То, что со здоровьем дочки не все в порядке, стало ясно ближе к году: девочка явно отставала в развитии. Какое-то время не могли поставить диагноз, потом остановились на ДЦП, поскольку под относительно легко диагностируемые генетические заболевания Машин случай не подходит, а на длительное дорогостоящее обследование родители девочки не решились.
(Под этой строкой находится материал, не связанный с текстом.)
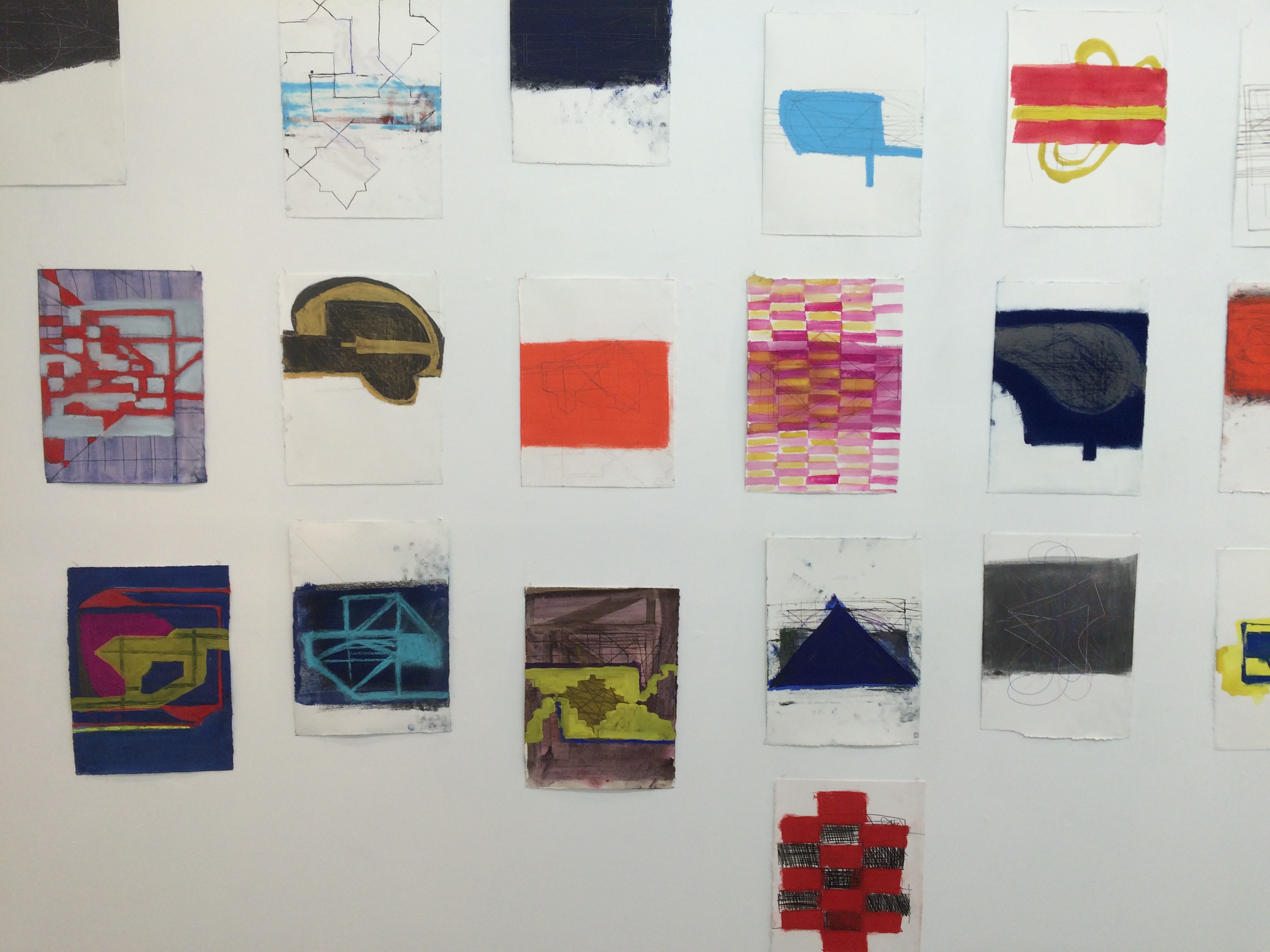 David Scanavino’s site-specific room-sized installation “Imperial Texture” is the artist’s dialog with the work of Richard Artschwager. Artschwager is well known for his use of formica to make geometric forms that have the same shape as everyday items but can not actually be used as such. His sculpture “Pyramid Object” from 1967 was displayed near Scanavino’s installation.
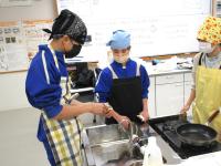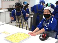 9組の調理実習では、みんなで協力してフライドポテトを作っていました。使用したジャガイモは9組が畑で丹精を込めて育て、収穫したものです。自分たちで育てた野菜を自分たちで調理して食べる。とても貴重な経験になったことと思います。美味しく仕上がったポテトフライは、職員にも大好評でした。
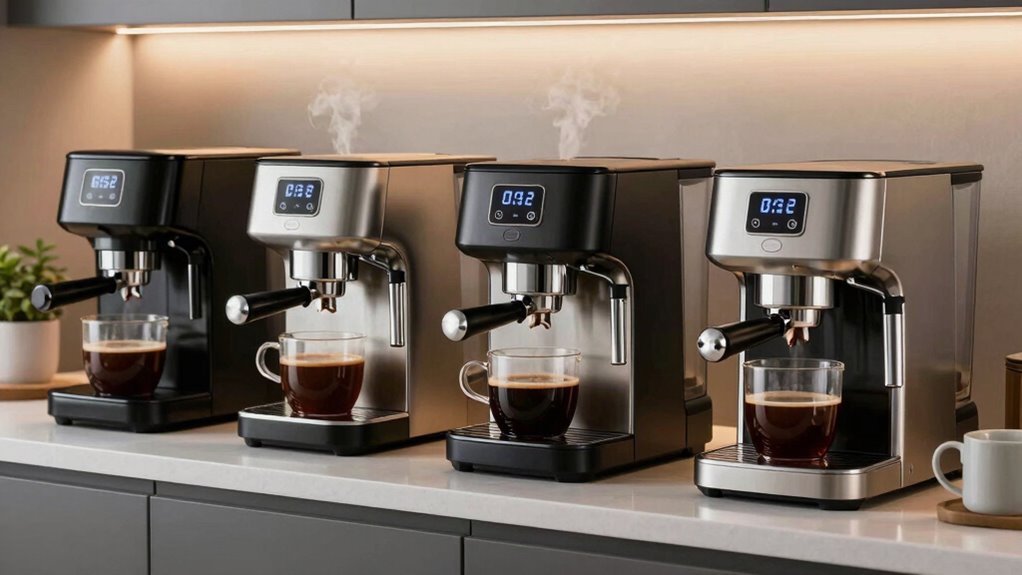 Imagine pouring a delicate, flavored espresso into a sleek thermal carafe—that’s exactly what these makers excel at. Yes, thermal coffee makers are perfect for brewing specialty or flavored coffees. They preserve the rich aroma and subtle nuances, keeping your brew fresh and vibrant. I’ve found they trap every aroma, so your favorite flavored coffee tastes just as exquisite hours later, making every sip feel like the first.

— Первые годы — тяжелый период, разрушились все возможности для счастья, — вспоминает Ирина. — Мы винили себя, искали, что именно в жизни сделали не так. Мы думали, что это послание нашей семье, вопрос, на который нужно найти ответ. По сути, я и сейчас так думаю. Только ищу ответ совсем по-другому.
Дочка до пяти лет не спала ночью, совсем. А ведь еще нужно было общаться с врачами, искать какие-то пути реабилитации, а тогда еще это было не так просто; нужно было и работать, и хоть как-то обеспечивать жизнь старшему ребенку: водить на кружки, в театр.
Когда Маше было четыре года, стало совсем трудно. У нее были ДЦП и умственная отсталость, порок сердца, из-за которого она год назад перенесла операцию, доброкачественная опухоль правой доли мозжечка, которая опасна для жизни — ее тоже прооперировали. Было непонятно, как реабилитировать Машу. С одной стороны, нужно заниматься ДЦП и ментальными нарушениями, с другой — есть другие диагнозы, исключающие необходимые реабилитационные процедуры.
— Было ощущение, что мир где-то там, там люди ходят по улицам, общаются, заходят в кафе, а мы здесь со своей проблемой, и что делать, непонятно.
Казалось, что жизнь уже закончилась и теперь ее надо как-то дожить.
Когда родилась Маша, старшему сыну супругов Бондаренко было 4,5 года. Уход за дочерью забирал все силы, Ирина даже не может вспомнить некоторые моменты из детства мальчика.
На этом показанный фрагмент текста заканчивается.